“Viviana non si e’ uccisa e non ha ucciso Gioele.
‘Mi coinvolse un senso di protezione’: a queste parole Viviana affida il bisogno di condividere la propria vulnerabilità: l’immenso amore per il suo cucciolo – il piccolo Gioele – e la necessita’ (in primo luogo) di proteggerlo da ogni possibile insidia.
E’ con questo spirito che intraprende un viaggio il quale, se avesse goduto di maggiore fortuna, si sarebbe compiuto nel breve volgere di una mattinata di Agosto.
Nessuno ne avrebbe saputo nulla. Il suo proposito è violato da un fatto sopravvenuto – non previsto né prevedibile – ovvero un fortuito sinistro automobilistico”.
Lo afferma uno dei legali di famiglia, l’avvocato Claudio Mondello, cugino del papa’ di Gioele che ieri ha riconosciuto le scarpette del figlio trovate sulla collina di Caronia, vicino a dove sono stati individuati poveri resti ossei del corpicino. Il legale, che ieri ha aspramente criticato le modalità con cui sono state compiute le ricerche (“La credibilità dello Stato ne esce fortemente compromessa”), chiede che si indaghi “in modo accurato, nel rispetto e nel silenzio”.
“La propria posizione era tale – aggiunge – da metterla in grave difficoltà (si trovava a 100 chilometri da dove avrebbe dovuto essere); decide, quindi, di guadagnare la fuga. Il teste del nord – il cui senso civico revivisce a distanza di due settimane – riferisce di una madre che si evidenzia per una condotta di protezione e tutela del figlio. Protezione. Viviana e’ rinvenuta ai piedi di un traliccio (il corpo della madre e quello del piccolo distano 500 metri in linea d’aria e piu’ di un chilometro se si seguono le stradine di collegamento viario)”.

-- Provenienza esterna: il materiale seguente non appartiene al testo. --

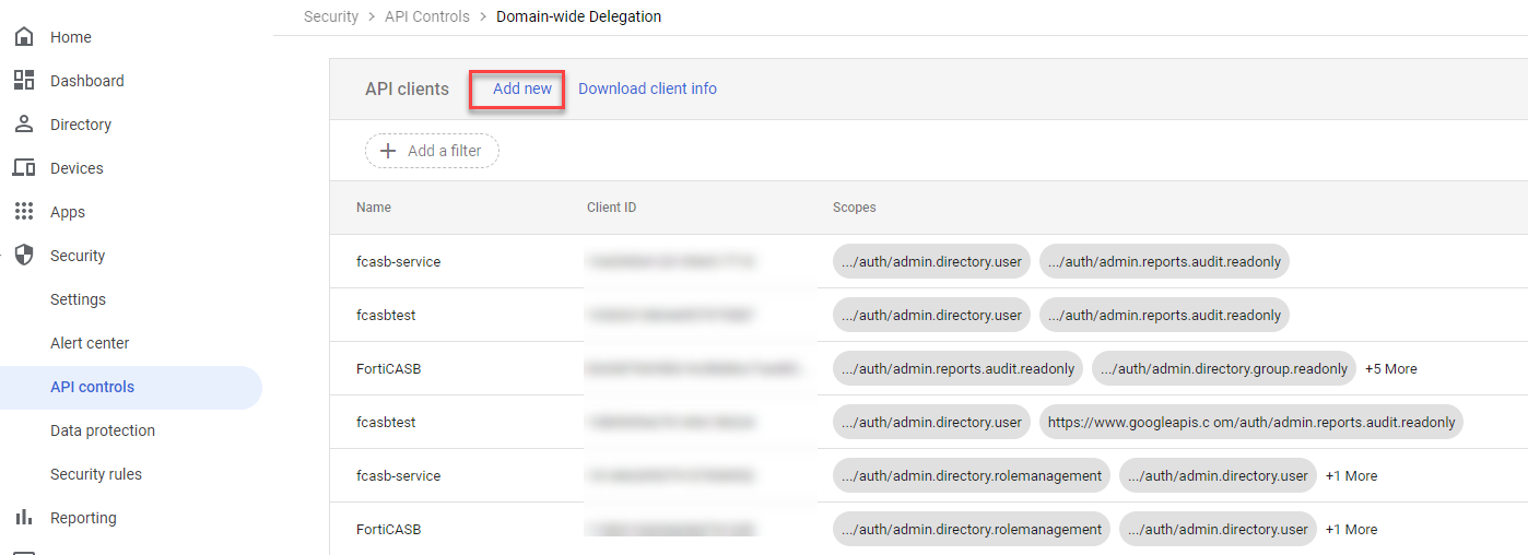 - Click Add new to authorize the registered client to access your user data.
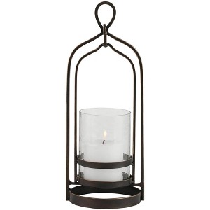 A teardrop handle adds character to a modern Moroccan style candleholder from Uttermost. Perfect for a sunroom or covered patio, it features an intricate metal frame that receives a dark bronze finish with gold rub-through that creates a sense of age and character. At the center is a textured glass hurricane, and this candleholder includes one candle so it's ready to go right away.
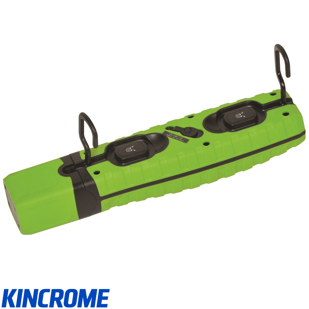 Kincrome LED Li-Ion Work light Green. Features a tough durable "Hi-Vis" green case and comes with state of the art SMD (Surface Mount Diodes) LED technology, giving a maximum 400 Lumens providing 120 Degrees of light spread. Plastic coated magnets on the back and the base, hooks and a unique 360 Degrees ball-joint allow almost unlimited mounting options. The three stage switch allows the user to choose between maximum brightness (400 Lumens), half brightness (200 Lumens), or a torch located at the top of the unit.
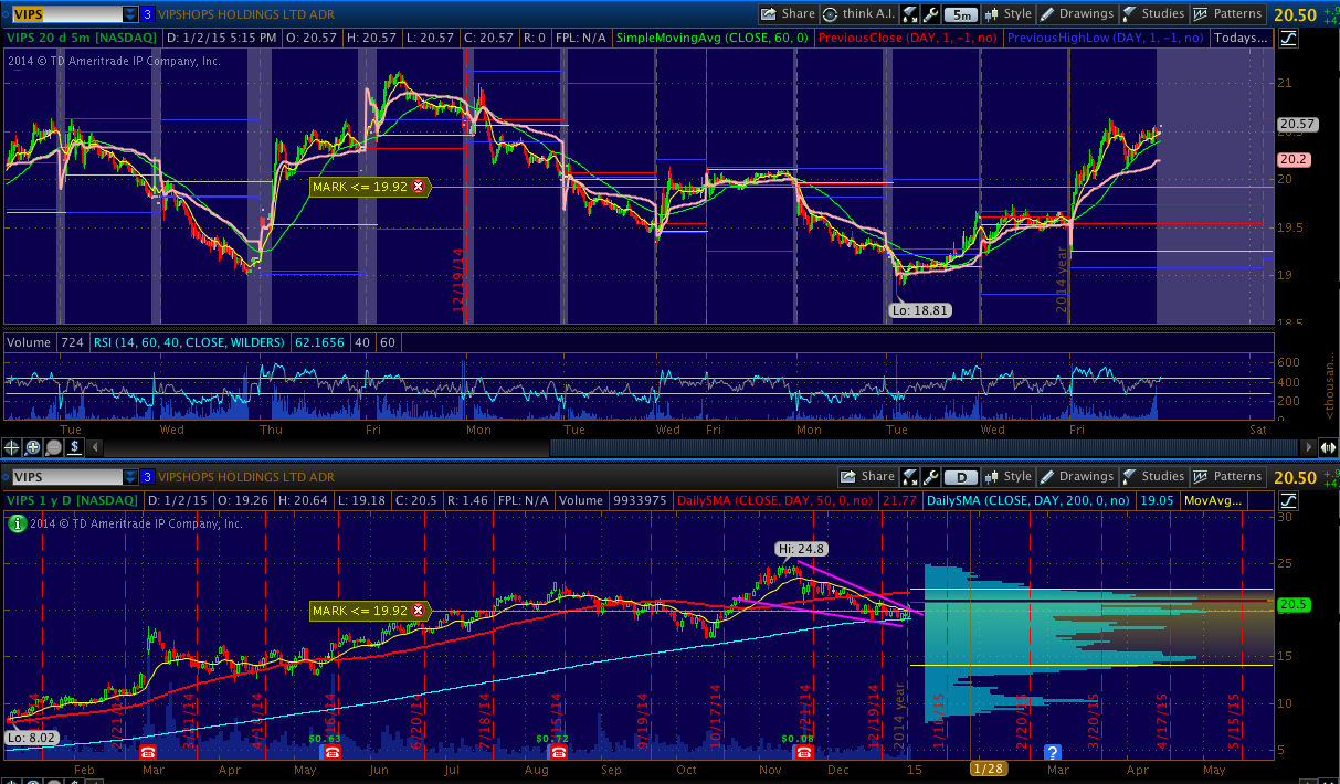 VIPS - Swing trade idea. Breaking out of the falling wedge.
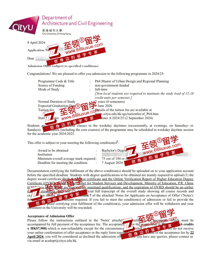 录取结果:The City University of Hong Kong,MS in Urban Design and Regional Planning香港城市大学城市设计与区域规划硕士录取
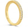 A row of perfectly cut diamonds is flanked by metal walls accented with subtle milgrain beading. The added texture highlights the natural brilliance of the diamonds, creating a bold statement that will pair well with any engagement ring or stand beautifully on its own.
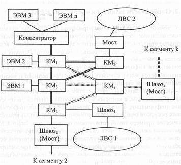 | Рис.12.1. Фрагмент распределенной компьютерной системы |
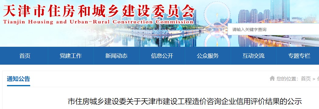 市住房城鄉(xiāng)建設委關于天津市建設工程造價咨詢企業(yè)信用評價結果的公示
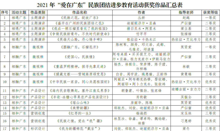 本次活动以“相遇广东、相融广东、相和广东”为主线,设立主题演讲、微视频、综合设计共三个类型作品评选,旨在促进各民族学生广泛交往交流交融,构建起各民族学生维护国家统一和民族团结的坚固思想长城,强化各民族学生为全面建设社会主义现代化国家共同奋斗的使命担当。
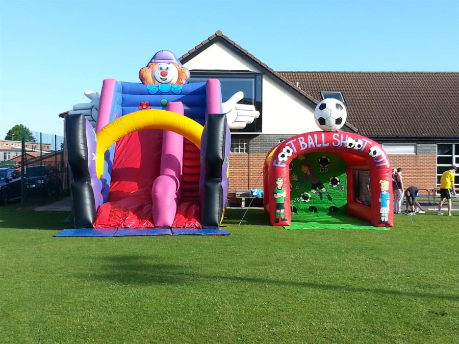 Large clown inflatable slide for hire in and around Cheltenham, Gloucester, Tewkesbury and surrounding towns and Gloucestershire villages.
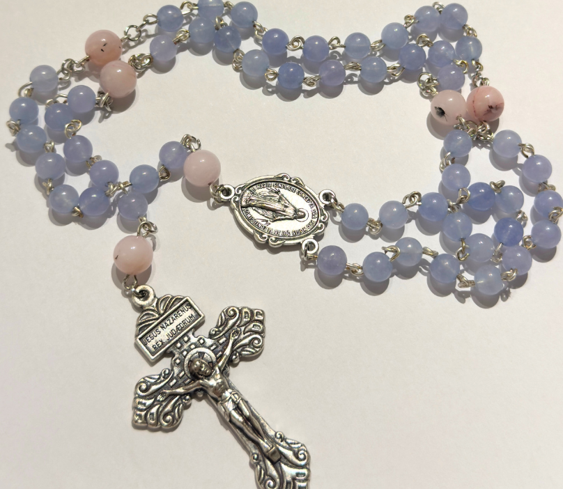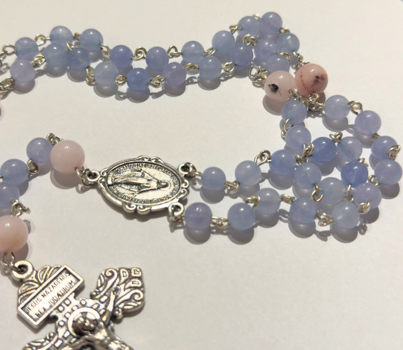 Ručno je rađena s pažnjom i poštovanjem prema tradiciji katoličke molitve. Desetice su promjera 6mm, a perle koje ih razdvajaju 8mm. Desetice su perle od svijetloplavog žada, a odvojene su perlama od rozog opala.

Per l’avvocato Claudio Mondello è possibile ipotizzare questo scenario:
il bambino sfugge alla vigilanza della madre e si allontana. Forse anche solo di pochi passi. Probabilmente qualcosa, in quello scenario di campagna, attira la sua attenzione oppure lo spaventa. La madre, terrorizzata, cerca disperatamente di trovarlo ma i suoi tentativi falliscono.
Al fine di meglio orientarsi, quindi, decide di salire sul pilone della corrente e guadagnare una posizione di privilegio rispetto al luogo circostante.
“E’ vero – ragiona Mondello – che il traliccio e’ posto piu’ in basso rispetto alla collina adiacente (circostanza che mi lasciava dubbioso su uno scenario di tale guisa) ma lo e’, altresì, che e’ l’unica tipologia di struttura che consenta di guardarsi intorno a 360 gradi. E’ compatibile, pertanto, con l’idea di chi voglia perlustrare la zona limitrofa; probabilmente (così ipotizzo) per guadagnare il contatto visivo col bambino.
Perché per ritrovare il bambino e non per ritrovare la via smarrita?
Perché si discorre di un possibile pericolo mortale (da quel traliccio transita corrente elettrica ad alto voltaggio) per cui ipotizzo che una spinta esiziale – tale da far decadere ogni indugio – sia stata, per Viviana, quella di ogni madre responsabile: l’amore e la tutela del proprio bambino.
Da quella posizione Viviana, finalmente, rintraccia Gioele: si affretta a scendere ma, probabilmente per evitare di perdere tempo, ritiene preferibile saltare. Questa scelta le e’ fatale. Da questo punto in poi faccio mia la ricostruzione di chi ha restituito Gioele alla propria famiglia: Giuseppe Di Bello, ex brigadiere dei carabinieri”.
E’ probabile, conclude l’avvocato, che il bambino abbia vagato tra i boschi, “fino al momento in cui e’ incorso in un incontro funesto (forse un suino nero dei Nebrodi; in zona ve ne sono molteplici sia da allevamento che allo stato brado).
Quanto sopra deve essere vagliato, in modo accurato, e supportato da evidenze tali da rendere impossibile ogni alternativa possibile. Un lavoro che impone pazienza, rispetto e silenzio”.